Person who changes the socioeconomic class from which they were born

Transclass, class transitioner, class defector (transfuge de classe), or social defector (transfuge social) refers to an individual who has experienced a major change in social environment during their lifetime. The concept of transclass was coined by the French philosopher Chantal Jaquet. In the English translation of her work, Gregory Elliot employs the term class-passing (passage (de classe)) instead of defection (transfuge). Similarly, the German translation by Horst Brühmann established the term "class passer" (German: Klassenübergänger) in this context.

== Definition ==

Becoming transclass follows a significant passing in social space, meaning for an individual to permeate the boundaries that differentiate social classes. This passing can occur following marriage, employment, studies, etc. Whether upward or downward, passing necessitates substantial social mobility. The existence of defectors is therefore partly linked to the possibility for individuals to radically change their social environment.

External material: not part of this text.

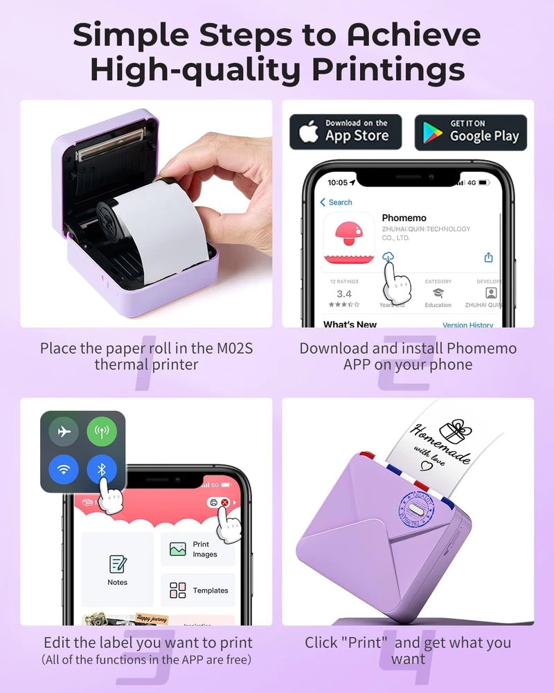 Store New Arrivals Add to Favorite View Feedback Contact M02S Pocket Mini Printer-Bluetooth Thermal Photo Mini Printer 300Dpi,Thermal Sticker Printer for Study Notes, Photo, Organization, Gift, Compatible with Ios and Android Description Item model number M02S Duplex Simplex Max copy resolution black-white 300 DPI Control Method App Warranty Type Limited Warranty Maximum Color Print Resolution 300 DPI Compatible Devices Smartphones Ink Color cyan, magenta, yellow Processor Count 1 Printer Ink Type Thermal Print media Labels, Glossy photo paper Dual-sided printing No Controller Type Android Maximum Black and White Print Resolution 300DPI Max Input Sheet Capacity 10 Printer Media Size Maximum 53mm Color Depth 24 bpp Resolution 300 x 300 Product Dimensions 2.22"D x 3.79"W x 4.56"H Model Name M02S Scanner Type Portable, Photo Hardware Interface Bluetooth Specific Uses For Product Study Notes, To-Do Lists, Office Documents, Photos, Labels, Stickers, Scrapbooking, Crafting Included Components Labels Additional Printer functions Print Only Model Series M02S Country of Origin China Display Type LCD Item Weight 11.3 ounces Connectivity Technology Bluetooth Special Feature Lightweight,Portable,Wireless Printing Technology Thermal Sheet Size 53mm Color purple Max copy resolution color 300 DPI Max Printspeed Monochrome 20.00 Number of Drivers 1 Printer Output Monochrome Batteries 1 Lithium Ion batteries required. (included) Maximum Print Speed (Color) 1.00 [Superior 300DPI Printing]--- Experience stunning 300dpi HD printing quality with the M02S pocket mini printer, ensuring your study notes, photos, and artwork come to life with unparalleled clarity and detail [Small but Multifunctional]--- M02S sticker photo printer allows you to print study notes, to-do lists, office documents, and more—all from the palm of your hand (size 3.3*3.3*1.6inch).Unleash your inner artist with the M02S's user-friendly interface App, making it easy to create personalized labels, stickers, and artwork that reflect your unique style [iOS & Android Device Bluetooth Connectivity]--- Enjoy seamless printing from your iOS or Android device with the M02S thermal sticker printer's Bluetooth connectivity, eliminating the need for cumbersome cables and connectors [Versatile Print Sizes]--- Unlock limitless creative possibilities with the M02S pocket mini printer's compatibility with 3 different paper sizes (53mm, 25mm, 15mm), allowing you to print everything from small labels to large photos with ease. Seamlessly switch between print sizes to suit your needs, whether you're organizing your home, crafting personalized gifts, or capturing cherished memories [Inkless Printing]--- Say goodbye to expensive ink cartridges and messy refills. M02S sticker maker machine printer's thermal printing technology uses heat to create crisp, clear prints without the need for ink. Enjoy no ink printing with the M02S's inkless printing technology [What's in the Package]--- M02S thermal sticker mini printer*1, Thermal sticker roll*1, Label roll holder*1, User Manual*1,USB Cable for Charging*1 Product Description M02S Mini Printer---Meets Your Multiple Needs M02S Upgraded Mini Thermal Printer Print Clarity Upgraded from 203dpi to 300dpi The higher DPI can greatly improve the print out. Not only can you print labels/notes/to-do lists, but you can also print photos more clearly! Envelope Appearance Upgrade The upgraded appearance of the envelope makes the mini printer more suitable for daily use, and the beautiful appearance is also a good choice as a gift for family/children/friends/mothers There are tons of templates/icons/fonts , etc. for you to choose from inside the app for label editing, in addition, there are also very useful functions, such as scanning and printing , printing past edited labels , and so on! 1 For Photos 2 For Family Playing 3 For Memories 4 For Learning Say Goodbye to Skewed Printing The width of the paper roll holder is 15MM-53MM , you can adjust it by yourself. (*Paper roll holder is included in the package) 1 Simple Structural Design 2 4 Steps to Load Paper 3 4 Steps to Print Stickers ABOUT US We offer the best prices around on high quality products. Our E-store includes media such as books, movies, music and games while offering electronics, toys, sporting apparel, clothing, tools, general home, garden items and more. SHIPPING We are always working hard to ensure your package arrives as soon as possible. Please understand that some factors like weather, high postal traffic, and the perfo

The upward change of social class encounters not only sociological difficulties (see in particular the theses of Pierre Bourdieu), but also psychological difficulties, which were discovered by Vincent de Gaulejac through the concept of class neurosis (La Névrose de classe, book published in 1987; re-edited in 1991).

The concept of transclass was put forward by the philosopher Chantal Jaquet, who herself experienced a transclass trajectory. Chantal Jaquet published her theory in the book titled "The Transclasses or the non-reproduction" in 2014 (Les Transclasses ou la non-reproduction) followed by a collective work "The Transclass Factory" (French: La fabrique des transclasses) published in 2018 and edited with philosopher Gérard Bras. The first book was translated into English by Gregory Elliot titled Transclasses – A Theory of Social Non-reproduction and published in 2023. According to Chantal Jaquet, her conceptual model supplements Bourdieu's work on exceptions to social reproduction (non-reproduction) within a class by using the "logic of the contrary" (rather than the logic of contradiction). The concept of transclass discusses possible causes of these exceptional life paths (social advancement) without resorting to the "ideology of the self-made man".

== Media and literary coverage ==

The concept was the subject of the French documentary "Infrared – The Transclass Challenge" (Infrarouge – Le défi des transclasses) broadcast in May 2020. It was also featured in the French weekly radio program "Obstacle Course" (Parcours de combattants), which aired during the France Inter summer schedule in 2021. In Philonomist, an independent online publication exploring business, work, and economic trends through philosophy and the human sciences, Chantal Jaquet and French sociologist Gérald Bronner discussed a potential miserabilist discourse on transclass identity published in March 2023. Jaquet cautioned against "any moralization of transclass people," advocating that "a free being needn’t be ashamed nor proud of their origins."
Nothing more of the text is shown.